乗客が肩まで飛行機の外に吸い出されたライアンエアー機事故、エンジン部品が衝突し窓破損と 暫定報告書

画像提供, PA Wire
先月10日にギリシャ・テッサロニキからドイツ・メミンゲンへ向かっていたアイルランドの格安航空ライアンエアーのボーイング機で、窓が壊れ、男性客の頭と右肩が一時、機外に吸い出された事故で、アメリカ国家運輸安全委員会(NTSB)は13日、当該機のエンジンの破片が衝突して窓が割れたため、乗客が体の一部を吸い出されたとの見解を示した。
NTSBは暫定報告書で、当該機がギリシャの空港を離陸して間もなく、エンジンのファンブレードが破損し、事故が起きたと説明している。
セルビア国籍のリュビシャ・カロヴィッチさんは、飛行機の窓から頭部と右肩を吸い出され「重傷を負い、ショック状態」に陥った。
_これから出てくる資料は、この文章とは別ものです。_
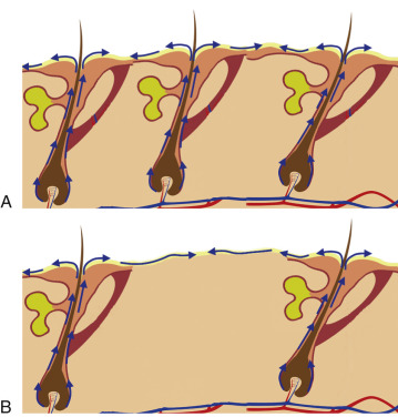 After the epithelium is destroyed by chemical agents or light sources, it must regenerate, or a full-thickness burn scar will result. Reepithelialization occurs from the base of the pilosebaceous units, and the presence of the hair/sebaceous gland unit is directly related to how much and how quickly the new epithelium regenerates. In a process known as epiboly , the pilosebaceous units serve as the progenitors of new epithelium. New epidermal cells migrate from the base of the pilosebaceous unit, progress up the hair shaft, then spread laterally on the injured skin surface ( Fig. 13.10 ). Areas of the body that are heavily populated with pilosebaceous units have a better chance of more rapid epithelialization. The face has 30 times the pilosebaceous units as the neck or chest and 40 times the number on the dorsal arms and hands. For this reason, deeper peeling and laser treatment can be performed on the face, whereas the same treatment on the neck or extremities can lead to disastrous scarring. Areas heavily populated with hair follicles heal faster; with low hair-bearing areas, the epithelial cells simply have too far to travel and scarring can result.

妻のスヴェトラーナ・グルコヴィッチ・マクシモヴィッチさんは事故後、BBCセルビア語に対し、自分とほかの乗客2人で数分間にわたり、夫の脚をつかみ続けたのだと話していた。
何があったのか
NTSBは報告書で当該機について、「機体の上昇中に、第2(右)エンジンのファンブレード脱落(FBO)が発生した」としている。
「乗務員はSKG(テッサロニキ国際空港)へ引き返すことを決め、問題なく着陸した」
NTSBは、事故の数日後にギリシャ当局から「調査を全面的に委任された」という。
報告書は、乗務員が説明した経緯についても詳述している。それによると、機体が高度を上げている最中にエンジンの「高振動」警報があったという。
これを受けて乗務員は、エンジン出力を下げ、一連の確認作業を行った。振動が収まると、自動操縦で機体は上昇を続けたと、報告書には書かれている。
しかしその後、エンジンの振動が再び激しくなり、乗務員は大きな爆発音を聞いた。そのため緊急事態を宣言して降下を開始した。
客室乗務員は爆発音が聞こえ、振動を感じたほか、酸素マスクが天井から降りてくる前に少量の煙を確認したと報告している。
そうした異変を感じた後、乗客が助けを求めていることに気づいたと、客室乗務員の1人は証言した。窓ガラスがなくなり、乗客の1人の「体の一部が、客室の壊れた窓にはまり込んだ」状態になっていたという。
報告書は事故機のエンジンについて、今年5月の超音波検査では不具合は見つからなかったと説明した。
ライアンエアーのマイケル・オリアリー最高経営責任者(CEO)は先に、この事故について、エンジンが「異物による損傷」を受けたことが原因だった可能性に言及していた。
事故機は、ライアンエアーの子会社マルタ航空が運航していた。